The new year is so far indeed a happy one for 5-year-old Saythreehailmary's and her connections. On Jan. 10 at Aqueduct Racetrack, the dark bay mare picked up where she left off in 2015, winning her second consecutive stakes race and first in open company when she took the Ladies Handicap by 1 3/4 lengths.
On Dec. 12 she won the Bay Ridge Stakes for New York-breds, her first stakes win after seven attempts.
"Good things happen when you have patience," said owner Joseph Gioia. "And in this game, you have to have patience."
Like his mare, four of whose six wins have come at the Ozone Park, N.Y., track, Gioia has an affinity for Aqueduct, to which he started coming as a kid with his family.
"My uncle had horses at Aqueduct and we'd come watch the horses train," he said. "It always stuck in my head, and once my business became successful, I said to my father and another partner, 'We're going to buy a racehorse.' They looked at me like I was nuts."
That reaction, plus the name of the first horse they claimed—They Are All Crazy—led him to his nom de course, Very Un Stable.
That was back in the early 1990s, and Gioia soon moved from claimers to stakes horses and homebreds; Quantum Merit, purchased in 2000 for $32,000, was the 2004 New York-bred turf champion.

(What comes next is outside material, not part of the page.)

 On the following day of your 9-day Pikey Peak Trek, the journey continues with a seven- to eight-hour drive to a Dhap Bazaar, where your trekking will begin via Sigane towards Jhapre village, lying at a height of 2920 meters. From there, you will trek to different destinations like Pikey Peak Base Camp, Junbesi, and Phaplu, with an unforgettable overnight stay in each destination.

Gioia has three horses in training with John Morrison and three turf horses in South Carolina gearing up for the New York grass season. He also races in partnership at Finger Lakes and has two broodmares, a small band that he expects to expand in 2017 when his homebred stakes winner Mah Jong Maddnes is retired.
Gioia has no plans to retire Saythreehailmary's—by Repent out of Just Call Me Angel, another example of Gioia's gift for names—whose win in the Ladies Handicap pushed her earnings to $437,000 and her record to 22-6-5-4.

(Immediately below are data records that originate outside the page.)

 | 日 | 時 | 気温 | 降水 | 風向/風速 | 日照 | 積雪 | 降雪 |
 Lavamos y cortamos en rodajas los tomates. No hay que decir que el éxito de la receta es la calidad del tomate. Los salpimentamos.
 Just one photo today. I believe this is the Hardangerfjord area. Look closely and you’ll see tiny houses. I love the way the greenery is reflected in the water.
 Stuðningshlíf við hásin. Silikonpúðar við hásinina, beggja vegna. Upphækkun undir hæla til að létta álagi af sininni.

"We'd like to have fun with her at the racetrack," he said. "If there's a reason to retire her, we will. Whatever is good for the horse, we'll do."

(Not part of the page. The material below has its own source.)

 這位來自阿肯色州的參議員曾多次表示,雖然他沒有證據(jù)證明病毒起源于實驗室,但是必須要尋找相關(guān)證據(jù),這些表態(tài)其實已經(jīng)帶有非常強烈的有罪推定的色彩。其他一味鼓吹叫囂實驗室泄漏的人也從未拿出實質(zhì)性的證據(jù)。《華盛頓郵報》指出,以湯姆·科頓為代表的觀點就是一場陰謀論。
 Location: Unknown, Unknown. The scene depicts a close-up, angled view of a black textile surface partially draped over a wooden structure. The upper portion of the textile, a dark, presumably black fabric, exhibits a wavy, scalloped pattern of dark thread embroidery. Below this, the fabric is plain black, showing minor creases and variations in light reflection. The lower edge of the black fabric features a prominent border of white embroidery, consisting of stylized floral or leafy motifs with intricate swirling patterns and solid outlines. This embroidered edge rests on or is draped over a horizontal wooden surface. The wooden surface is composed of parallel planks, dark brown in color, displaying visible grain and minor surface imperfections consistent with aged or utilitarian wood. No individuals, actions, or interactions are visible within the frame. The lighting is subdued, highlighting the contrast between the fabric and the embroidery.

For now, the plan is to take advantage of his mare's success on Aqueduct's inner track and point to the Biogio's Rose for state-breds on Feb. 7. And whenever the time is right, Saythreehailmary's will retire to start the next generation of Gioia homebreds.
"Even though I have only two mares, I do a lot of studying on pedigrees," he said. "I keep track of all the latest information, and the stallion register is one of my favorite things when I receive it every year."
He laughed.
"That," he said, "shows you crazy I am."